# Source-Code-Darstellung in Eclipse



## jobu0101 (2. Sep 2008)

Hallo!

Ist es in Eclipse möglich, die ganze Source-Code-Darstellung gebündelt zu verkleinern oder zu vergrößern, ohne alle Elemente einzeln zu verkleinern bzw. zu vergrößern?


----------



## SlaterB (2. Sep 2008)

was ist denn eine vergößerte/ verkleinerte  Source-Code-Darstellung?

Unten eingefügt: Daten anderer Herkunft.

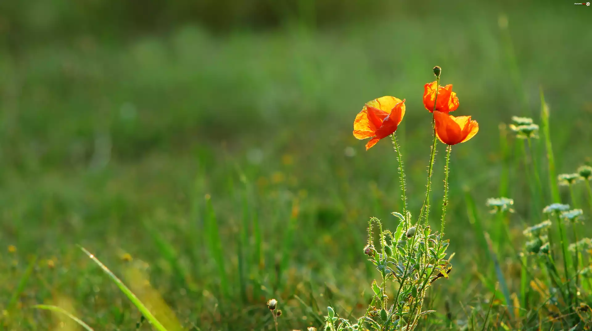 Kwiat Kwitnące, Maki, Łąka, Rozmyte tło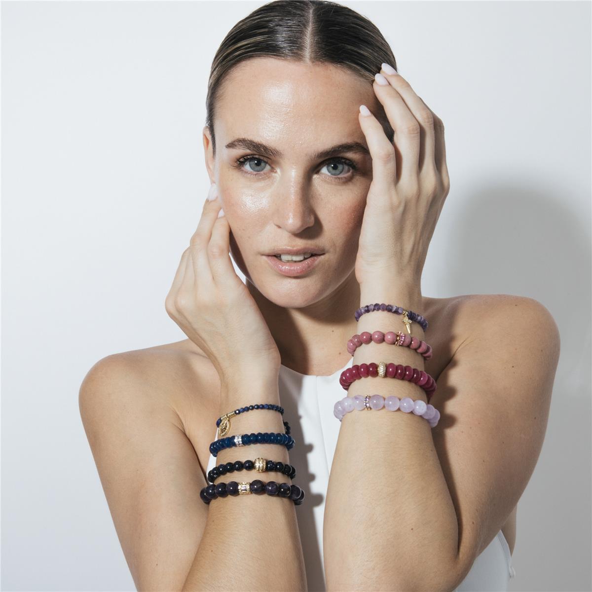 Pulsera Kamida de Plata de Ley 925 y Rodocrosita acabado en Oro Amarillo 18k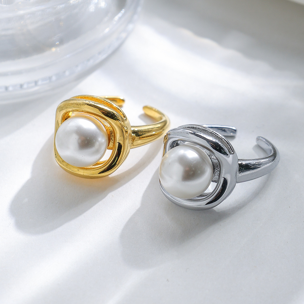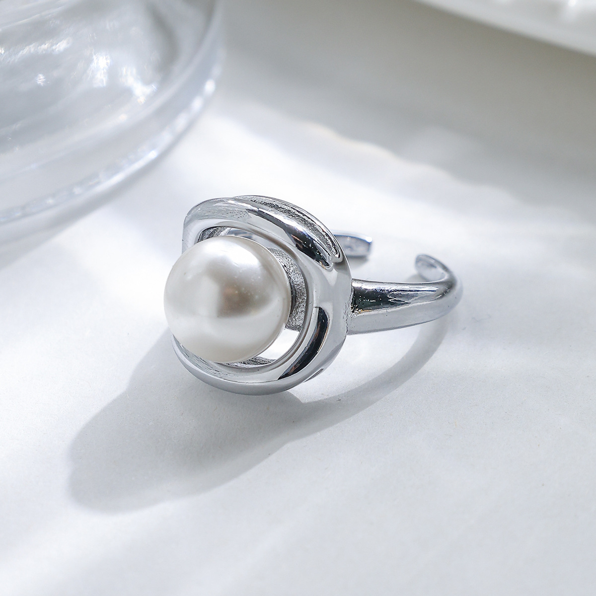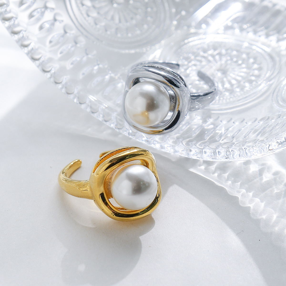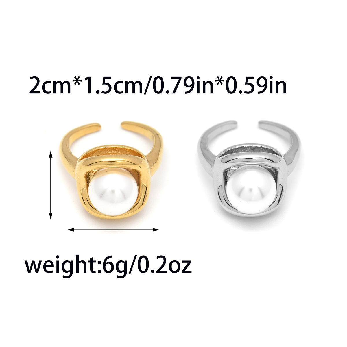 Stainless Steel Finger Ring, 304 Stainless Steel, with Plastic Pearl, plated, fashion jewelry & for woman, more colors for choice, Sold By PC

>  ohne alle Elemente einzeln zu verkleinern bzw. zu vergrößern

klingt so als könntest du das jetzt schon machen,
dann gib doch mal ein Beispiel dafür, damit man weiß, worum es geht

unter Preferences - General - Apperance - Colors and Fonts
kann man die 'Java Editor Text Font' ändern, falls du das meinst


----------



## Gast (2. Sep 2008)

Ich glaube er meint die Möglichkeit Methoden und Klassen zusammen zu klappen... ist aber nur geraten


----------



## jobu0101 (2. Sep 2008)

Nein. Bei PDFs gibt es im Acrobat-Reader die Möglichkeit eine prozentuale Änderung bezogen auf die Originalgröße vorzunehmen. Sowas suche ich hier auch.


----------



## SlaterB (2. Sep 2008)

ich hab dir ja geschrieben wie du die Schriftgröße ändern kannst,
sowas wird aber nie wie bei Word unter den Standardtools auftauchen,
das braucht ja niemand und wenn dann nur einmal bei der Einrichtung des Workspace,

eine IDE ist kein Text-Formatierer 

Textgröße in Punkt einzustellen ist eine Sache, prozentualer Zoom aber noch eine andere,
macht noch weniger Sinn, eine IDE ist auch keine graphische Text-Anzeige mit Bilder-Einfügen, Graphiken, Tabellen und was sonst noch alles


----------



## jobu0101 (2. Sep 2008)

Ich weiß schon, dass es keine Textformatierung ist. Doch wenn man mehr Code auf einmal sehen will, muss man es dennoch umstellen...


----------



## jobu0101 (2. Sep 2008)

SlaterB hat gesagt.:
			
		

> unter Preferences - General - Apperance - Colors and Fonts
> kann man die 'Java Editor Text Font' ändern, falls du das meinst



Aber danke, sowas habe ich gesucht...


----------